Cellphone controlled audio mute switch
The circuit is wired around IC LM555 (IC1), the CMOS version of timer NE555, as shown in Fig. 2. IC1 is used as a medium-current line driver with either an inverting or non-inverting output. It can sink (or source) current of up to 50 mA only, so take care while handling it. The audio/video system is connected to the circuit via normally opened (N/O) contacts of the relay.
When the cell phone is in its holder, LDR1 does not receive any light from white LED1 and its resistance is high. As a result, the voltage at pin 2 of IC1 remains high to provide a low output at pin 3. The low output of IC1 activates relay RL1 and the audio/video system gets power supply via its N/O contacts.
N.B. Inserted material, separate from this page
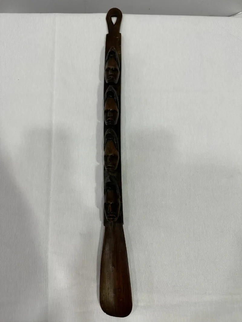 handgeschnitzter Schuhlöffel im afrikanischen Stil befindet sich in einem guten bis sehr guten Zustand. Dieser wunderschöne Schuhlöffel zeigt handgeschnitzte Köpfe, im afrikanischen Stil. Er wurde äußerst sorgfältig gefertigt. Er kann nicht nur im täglichen Gebrauch nützlich sein, sondern ist auch eine besonders ansprechende Dekorationsoption an einer Wand, wie auch auf einem hübschen Möbelstück.

LED3 glows to indicate that the audio/video system is ‘on.’When the handset is taken off the holder, light rays from LED1 fall on LDR1 and its resistance decreases. As a result, the voltage at pin 2 of IC1 decreases to provide a high output at its pin 3. The high output of IC1 deactivates relay RL1 and the audio/video system does not get power supply. LED2 glows to indicate that the audio/video system is ‘off.’
Preset VR1 is used to control the sensitivity of the circuit. Zener diode ZD1 is used for protecting white LED1 from the higher voltage. The circuit works off a 12V car battery. Switch S1 can be used to manually switch on/off the audio/video system.